● PROBLEM STATEMENT:
Please retype every record below exactly, leaving the pictures out.

● DATASET CONTENT:
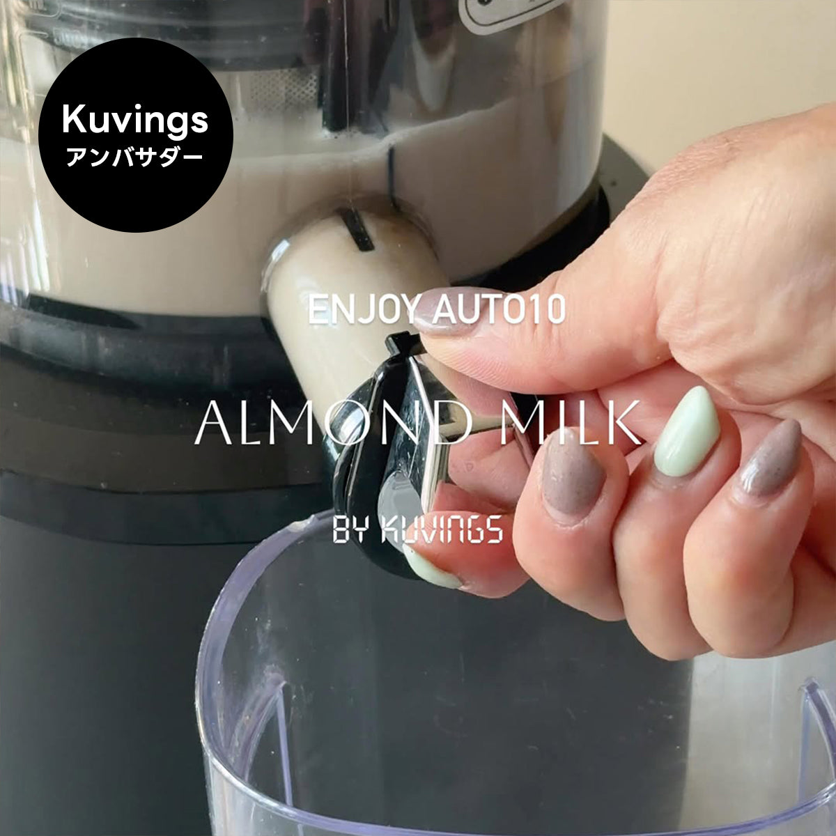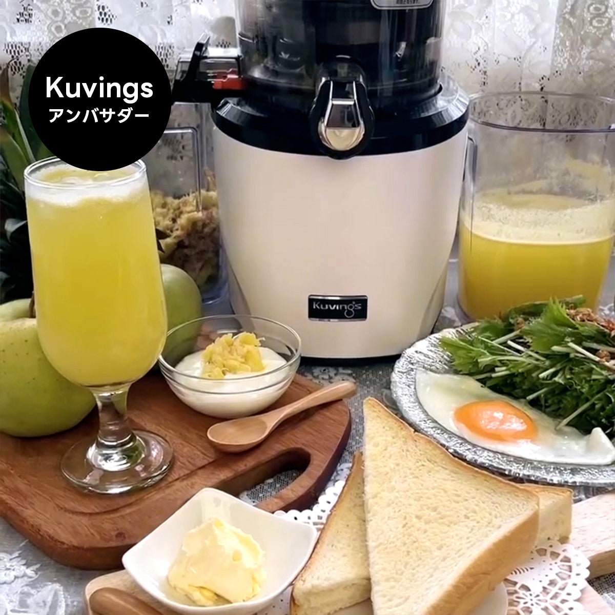 Kuvings ホールスロージューサーは、すべての材料を広い投入口に入れて、じっくり押して搾る石臼式で栄養素の損失を抑え、材料本来の味を引き出します。
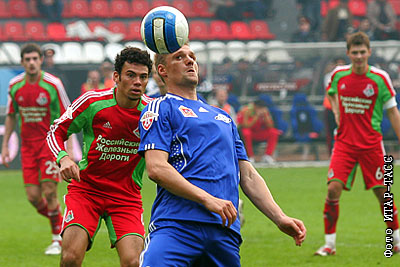 Железнодорожник Родолфу и игрок "Сатурна" Мартин Якубко (слева направо на первом плане) в матче чемпионата России по футболу: "Сатурн" (Московская область) – "Локомотив" (Москва) - 1:2
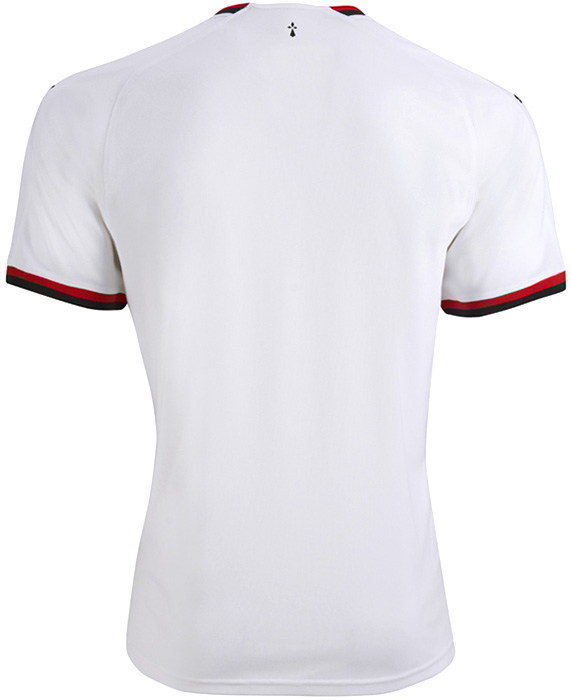 アウェイは伝統的にホワイトを基調にブラックの差し色で、これはレンヌ市の旗・紋章と同じカラー。シャツの下部にはアーミンの紋様が入る。
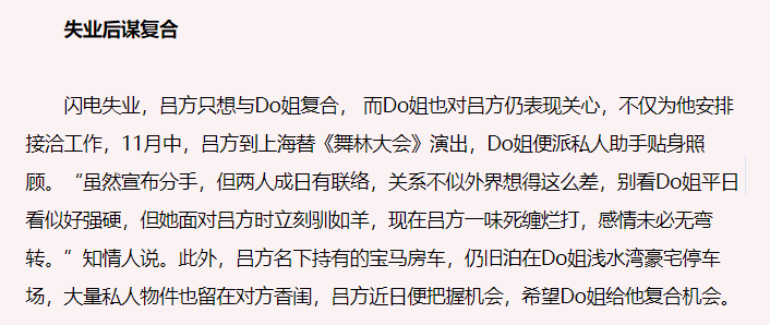 不过当时Do姐力撑吕方,主动邀请吕方和王敏慧到自己主持的电台节目里澄清。
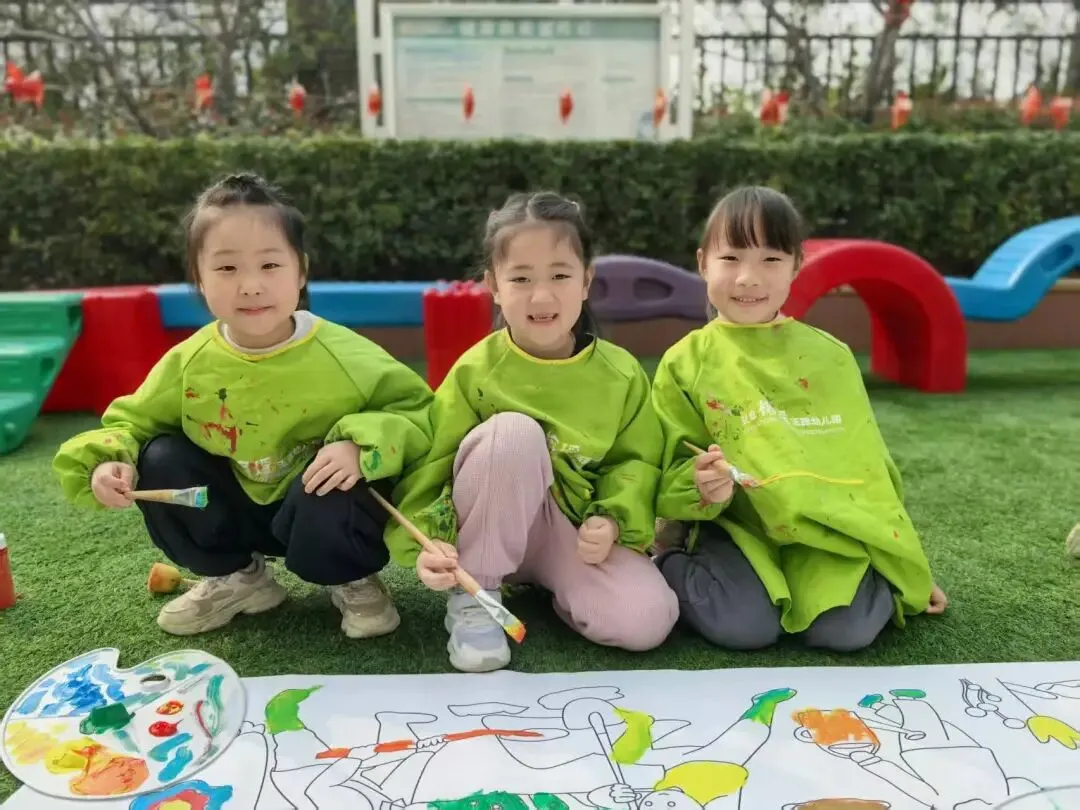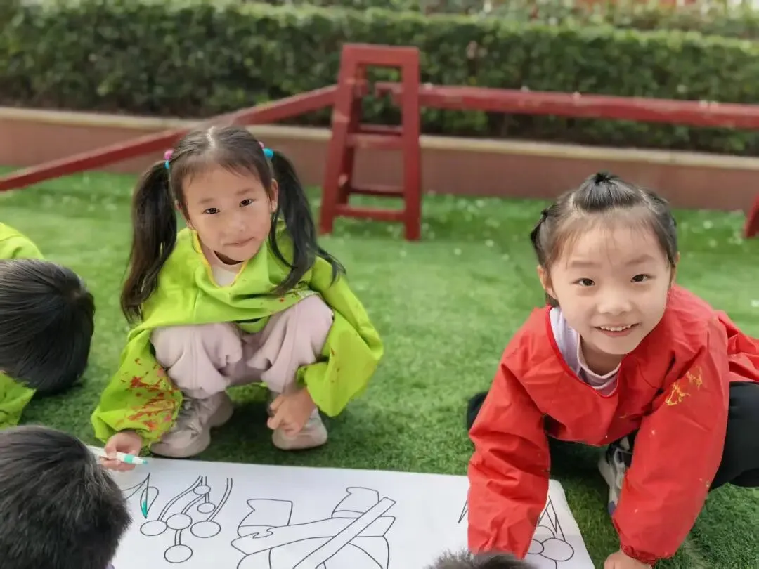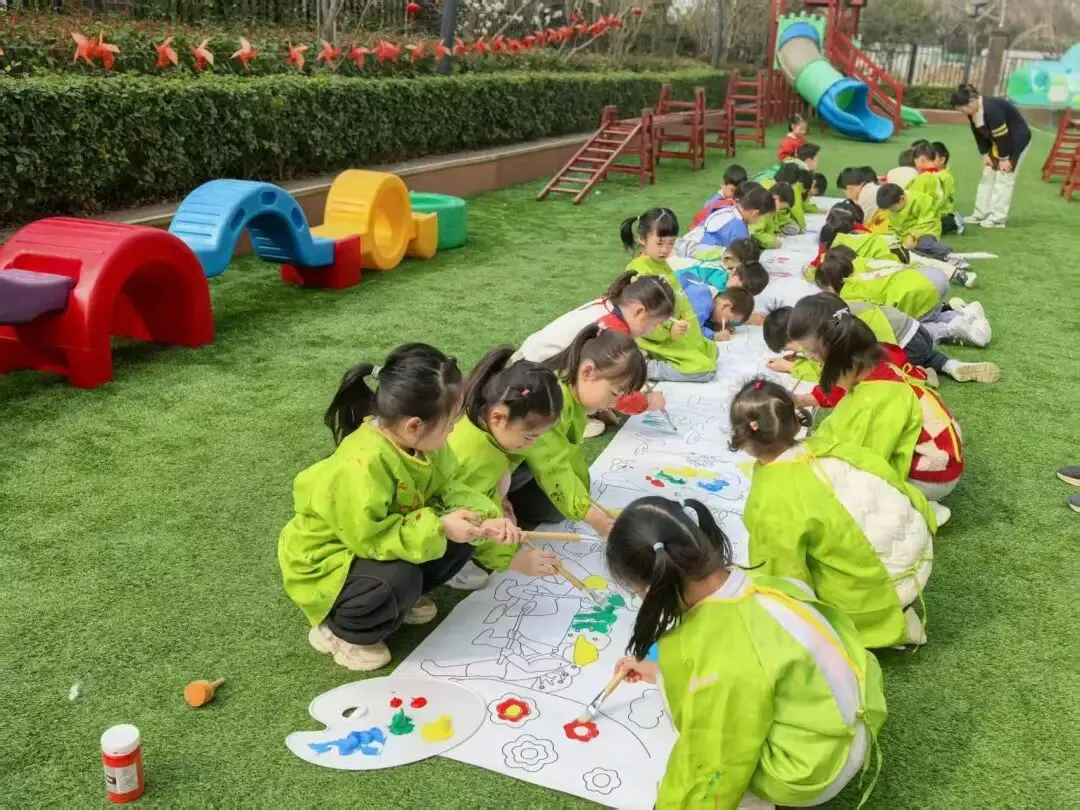 孩子们将不同颜色的颜料铺在画纸上,一幅幅清新自然、充满童趣的春日画作跃然纸上。孩子们用最特别的方式,画出心中的春天。
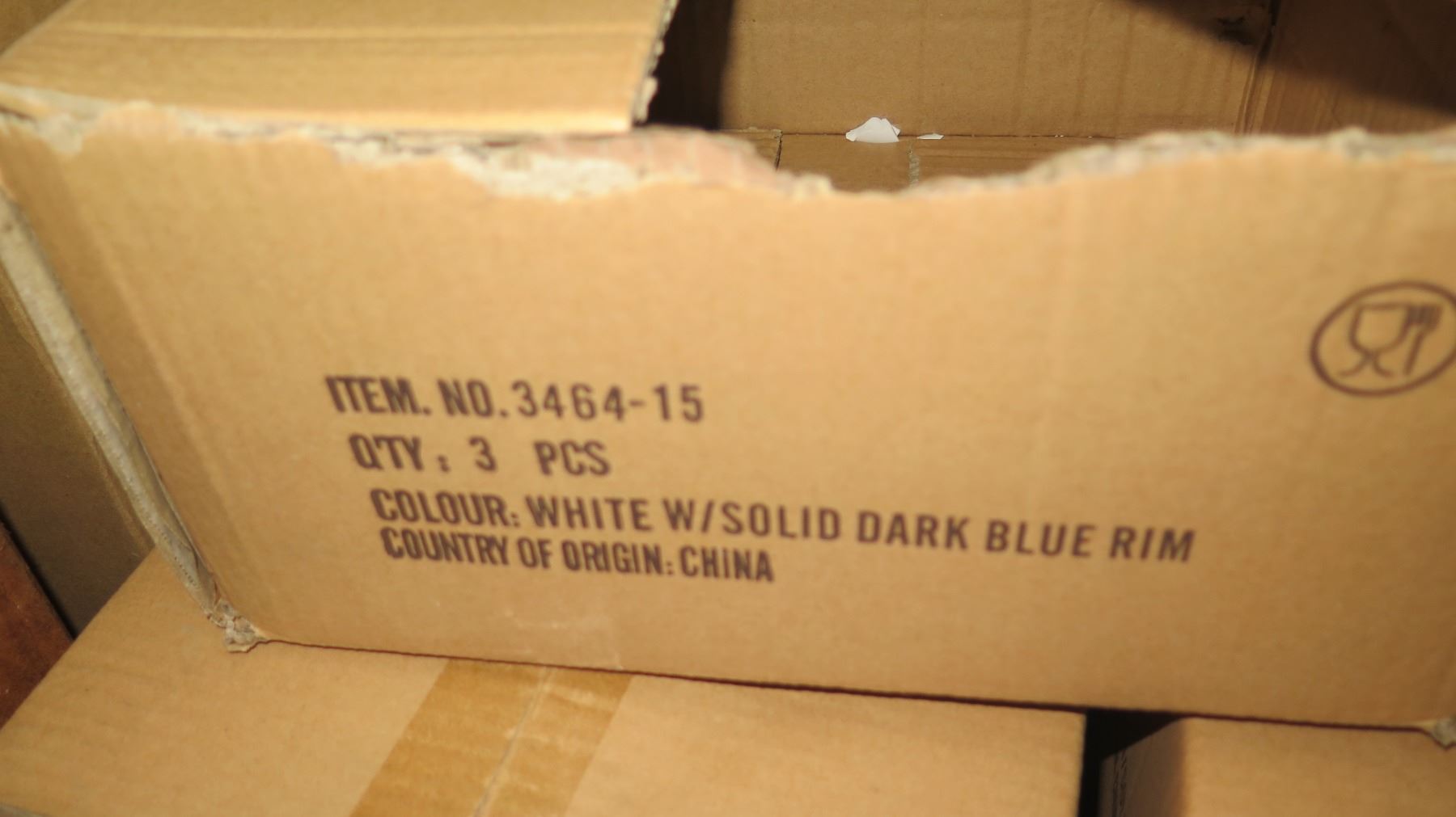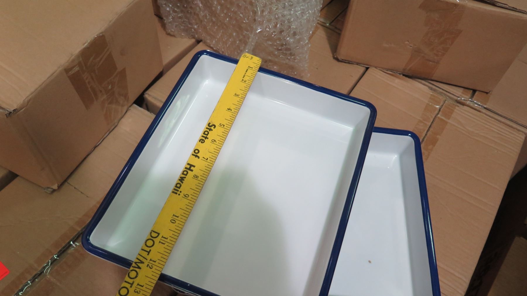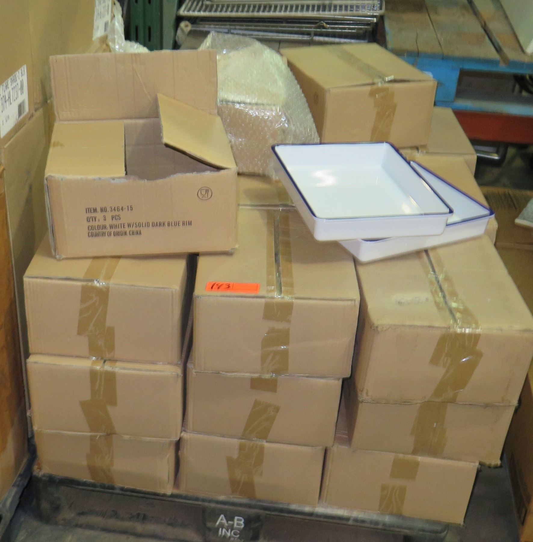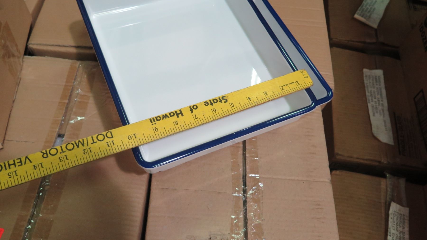 Pallet White w/ Blue Trim Rectangle Dishes 10" x 12" in Box
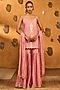 Masaba presents a mesmerizing champagne pink kurta in raw silk base with foil printed motifs. It is paired with sona chandi foil work sharara pants and a sheer organza dupatta. Enhance your style by embracing ornate chandbalis, lustrous metallic heels, soft curls and a clutch to evoke festive grandeur.
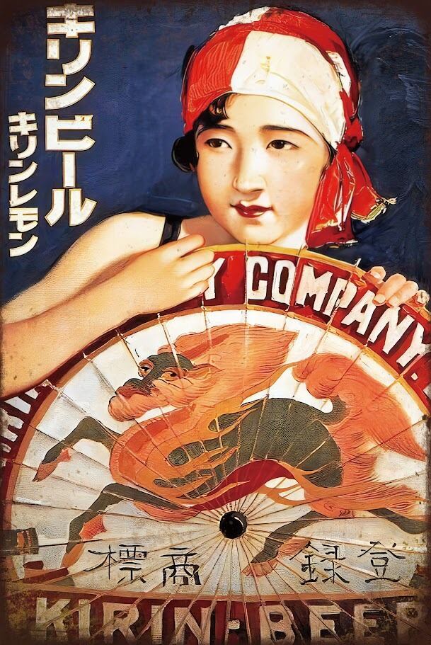 和傘を手にした美しい女性と、伝統的な麒麟マークが印象的なデザイン。
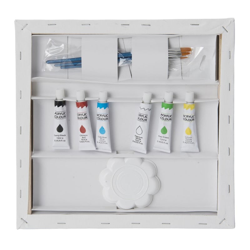 Creëer een prachtig kunstwerk met dit schilderij in de vorm van een mandala. Je schildert op nummer om er een mooi geheel van te maken. Natuurlijk kun je er ook je eigen draai aan geven. De inhoud van dit pakket bevat 1 canvas van 30x30 cm, 6 kleuren verf, 3 kwasten en 1 mengpalet. Ook staat er aangegeven hoe je bepaalde kleuren kunt mengen.

● RESPONSE TO THIS TASK:
 Kuvings ホールスロージューサーは、すべての材料を広い投入口に入れて、じっくり押して搾る石臼式で栄養素の損失を抑え、材料本来の味を引き出します。
 Железнодорожник Родолфу и игрок "Сатурна" Мартин Якубко (слева направо на первом плане) в матче чемпионата России по футболу: "Сатурн" (Московская область) – "Локомотив" (Москва) - 1:2
 アウェイは伝統的にホワイトを基調にブラックの差し色で、これはレンヌ市の旗・紋章と同じカラー。シャツの下部にはアーミンの紋様が入る。
 不过当时Do姐力撑吕方,主动邀请吕方和王敏慧到自己主持的电台节目里澄清。
 孩子们将不同颜色的颜料铺在画纸上,一幅幅清新自然、充满童趣的春日画作跃然纸上。孩子们用最特别的方式,画出心中的春天。
 Pallet White w/ Blue Trim Rectangle Dishes 10" x 12" in Box
 Masaba presents a mesmerizing champagne pink kurta in raw silk base with foil printed motifs. It is paired with sona chandi foil work sharara pants and a sheer organza dupatta. Enhance your style by embracing ornate chandbalis, lustrous metallic heels, soft curls and a clutch to evoke festive grandeur.
 和傘を手にした美しい女性と、伝統的な麒麟マークが印象的なデザイン。
 Creëer een prachtig kunstwerk met dit schilderij in de vorm van een mandala. Je schildert op nummer om er een mooi geheel van te maken. Natuurlijk kun je er ook je eigen draai aan geven. De inhoud van dit pakket bevat 1 canvas van 30x30 cm, 6 kleuren verf, 3 kwasten en 1 mengpalet. Ook staat er aangegeven hoe je bepaalde kleuren kunt mengen.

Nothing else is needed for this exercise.